Когда я простужался, детский доктор выслушивал меня точно так же, просил глубоко дышать, совсем не дышать, а когда нужно, покашлять.
— Пожалуйста, покашляй, — попросил доктор обезьянку, которую он выслушивал специальной трубкой.
Больная обезьянка только смотрела на доктора большими печальными глазами, но кашлять не кашляла.
Тогда доктор попросил Дурова:
— Анатолий Анатольевич, сделайте, пожалуйста, так, чтобы она немного покашляла.
Но знаменитый дрессировщик только бессильно развёл руками.
— К сожалению, — грустно усмехнулся он, — я её этому не научил. Она умеет ездить на паровозе, умеет кувыркаться и кланяться, умеет шалить, а кашлять не умеет.
— А может, у неё болит животик? — спросила моя мама. Она, наверное, вспомнила, как один раз я поел немытое яблоко и потом у меня от этого сильно болел живот, так что доктор даже прописал мне касторку. — Нашему Петеньке, — сказала мама, — очень помогла касторка, попробуйте дать её и обезьянке.
— Не знаю, — вздохнул Дуров. — Она же не разговаривает по-человечьи и не может нам объяснить, что у неё болит. Ну, Петенька, может, у тебя действительно болит живот?
Обезьянка молчала.
— Значит, железной дороги не будет? — спросил я.
Дуров только развёл руками:
— Значит, не будет, без машиниста нам не обойтись.
— Жалко твою обезьянку, — вздохнул и папа. — Ну что ж, Толик, до свидания. Пусть ваш машинист Петька поправляется поскорее. А мы пойдём в зрительный зал садиться на свои места, а то скоро уже начинается представление.
Мне было очень жалко обезьянку и обидно, что не увижу железной дороги.

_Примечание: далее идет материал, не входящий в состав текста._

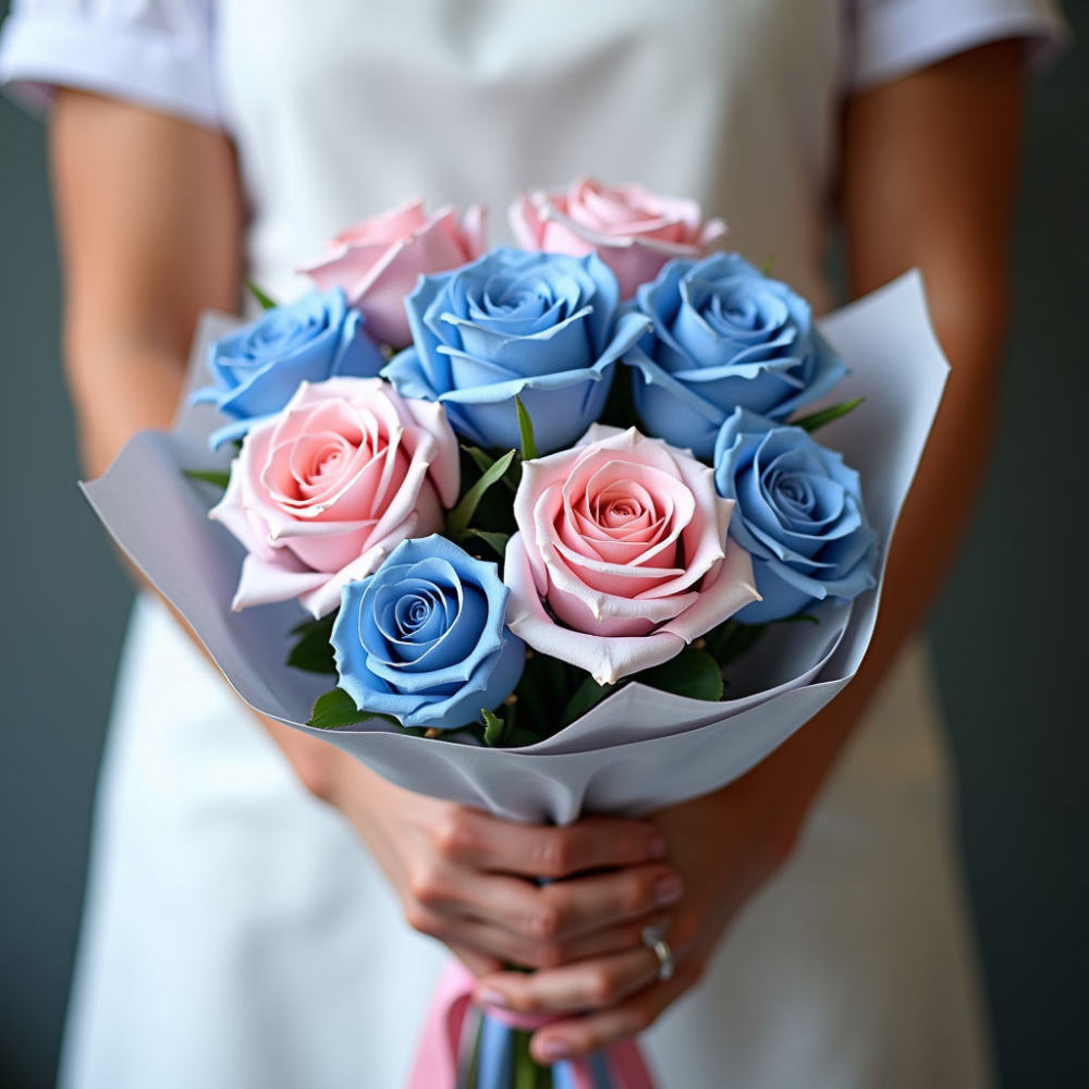 Этот букет пленяет своим нежным голубовато-розовым оттенком и легким сладковатым ароматом. Он создает атмосферу романтики и уюта, наполняя пространство гармонией и теплом.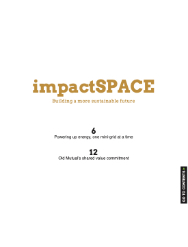 impactSPACE Building a more sustainable future 6 Powering up energy, one mini-grid at a time 12 Old Mutual’s shared value commitment GO TO CONTENTS

— Ты, Петенька, не расстраивайся, — сказала мне моя мама. — Доктор вылечит её, даст лекарство, поставит горчичники, и, когда она будет опять здорова, мы ещё раз придём к дяде Дурову.
И мы снова пошли к выходу через весь цирковой двор. Мы прошли мимо велофигуристов, которые по-прежнему ездили задом наперёд; мимо семьи музыкальных эксцентриков, которые играли на разных инструментах, а их старенькая бабушка под музыку старательно скребла скалкой по стиральной доске; мимо приветливой женщины с голубыми глазами, которая своими длинными ногами, как руками, подкидывала и ловила смелую девочку, похожую на куклу; мимо маленькой лошади под названием пони; мимо фокусника, который помнил, как начинаются, но не помнил, как кончаются его фокусы; мимо смешного и грустного Чарли Чаплина; мимо заклинателя змей с его сонной коброй; мимо индейца Васи Сантос-Кукушкина и его жены. Мы шли очень быстро, но я всем успел крикнуть:
— До свидания!
Из цирка уже доносилась музыка, и, наверное, вот-вот должно было начаться представление. Мы побежали бегом, как вдруг за нашей спиной кто-то громко закричал:
— Стойте, стойте!
Это кричал Анатолий Анатольевич Дуров.
Знаменитый дрессировщик догнал нас, когда мы уже выходили с циркового двора. Сначала он не мог произнести ни слова — так он запыхался. И только выдохнул: «Ффу!»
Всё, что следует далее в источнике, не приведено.